Created attachment 188451 [details] Trace one, full view
Created attachment 188461 [details] Upper part of first trace
Created attachment 188471 [details] Middle part of first trace
Created attachment 188481 [details] Lower part of first trace
Created attachment 188491 [details] Trace two - this one with max_interrupt_work=16
I got another report that looks quite similar to this. That showed me that it's dying in skb_over_panic(). Did you happen to see any lines that began with this: skput:over:... in /var/log/messages? The call stack should look like this: skb_over_panic skb_put nv_rx_process[_optimized] nv_nic_irq nv_do_nic_poll There is a patch upstream that brings back the use of the optimized data path for do_nic_poll since it was left out of the original work. This might be interesting to try, but I'm not sure it will matter too much.
Created attachment 229201 [details] forcedeth-optimized-irq-routine.patch Upstream patch that would be interesting to try. commit fcc5f2665c81e087fb95143325ed769a41128d50 Author: Ayaz Abdulla <aabdulla> Date: Fri Mar 23 05:49:37 2007 -0500 forcedeth: fix nic poll The nic poll routine was missing the call to the optimized irq routine. This patch adds the missing call for the optimized path.
I don't get anything in /var/log/messages, nothing is left there after crash, and when I connect a monitor to this system I can't see the lines before the ones I posted. However, I'll rebuild kernel with this patch and will try it out soon. It looks interesting, yes. Btw, in last month the system only hang once or twice - with max_interrupt_work=16 and simple routing tasks. Unfortunately, to achieve it I had to move nfs serving task away from it.. To test this patch, I'll return full load on this system.

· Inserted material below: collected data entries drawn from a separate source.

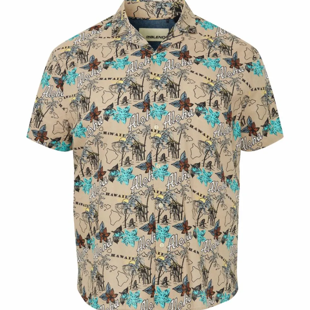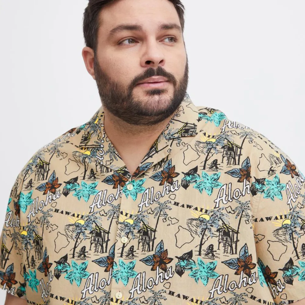 Blend plus size skjorte med korte ærmer, all-over print, gennemgående knaplukning og krave.
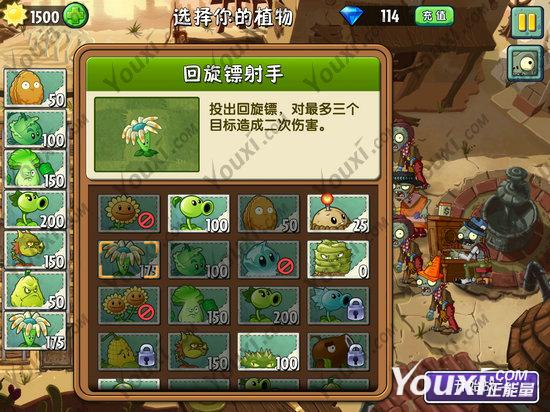 这一关我们只需要选择三株植物:回旋镖射手、火龙草和坚果。
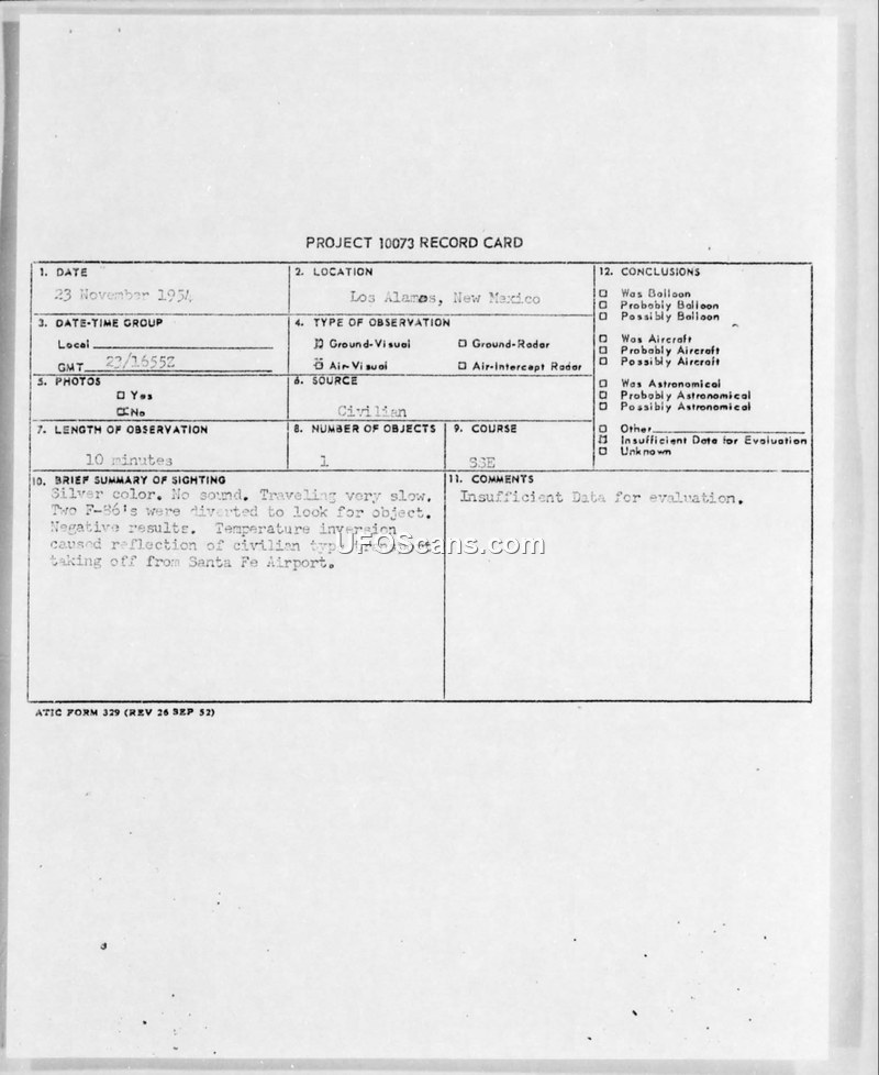 On the morning of 23 November 1954, at 1655Z, a single unidentified object was observed near Los Alamos, New Mexico. The sighting was reported by two individuals: a pilot employed by CARCO Airlines and a control tower technician stationed at Los Alamos. The object was described as silver in color, exhibiting no trail or exhaust, and moving at a slow speed estimated between sixty and one hundred knots. The observers noted that the object made no audible sound. The duration of the observation was approximately ten minutes, during which the object maintained a heading of south-southeast before disappearing over a hill near Santa Fe, New Mexico. In response to the report, two F-86 aircraft were diverted to investigate the area, but their search yielded negative results. The official assessment provided by Captain Charles L. Demers of the 34th Air Division (Defense) concluded that the sighting was likely an optical phenomenon. Specifically, it was determined that a temperature inversion in the atmosphere caused a reflection of a civilian transport aircraft taking off from the Santa Fe Airport. The report notes that there was no other air traffic in the area at the time that could account for the sighting, and no physical evidence was recovered. The documentation includes a Project 10073 record card and a supplement to Air Force Form 112a, detailing weather conditions, observer information, and the final intelligence evaluation.

Great! Thank you for trying this patch. I'm not sure it will help, but it seems interesting.
I'm getting some feedback that this patch is helping for RHEL4 -- I'll build some new test kernels and post a link to them here.
Hmmmmmm it seems I've added this patch already. Can you try a kernel from here: http://people.redhat.com/dzickus/el5/53.el5/ It should resolve your issue. Thanks!
I feel confident this is a duplicate of bug 245191 Please reopen this if the kernel from comment #12 does not resolve your problem. Thanks! *** This bug has been marked as a duplicate of 245191 ***
I tried with kernel-2.6.18-51.el5.jwltest.43.x86_64 from http://people.redhat.com/linville/kernels/rhel5/ which includes this patch and it doesn't crash anymore. I got "spurious 8259A interrupt: IRQ7." message once in dmesg under load (IRQ7 is my eth0 interrupt) and I get TONS of "eth0: too many iterations (6) in nv_nic_irq." messages, but at least everything seems to work. I only did a synthetic testing with iperf, I'll reopen one of these bugs in case of any problems under real load - but I guess it's safe to close them now.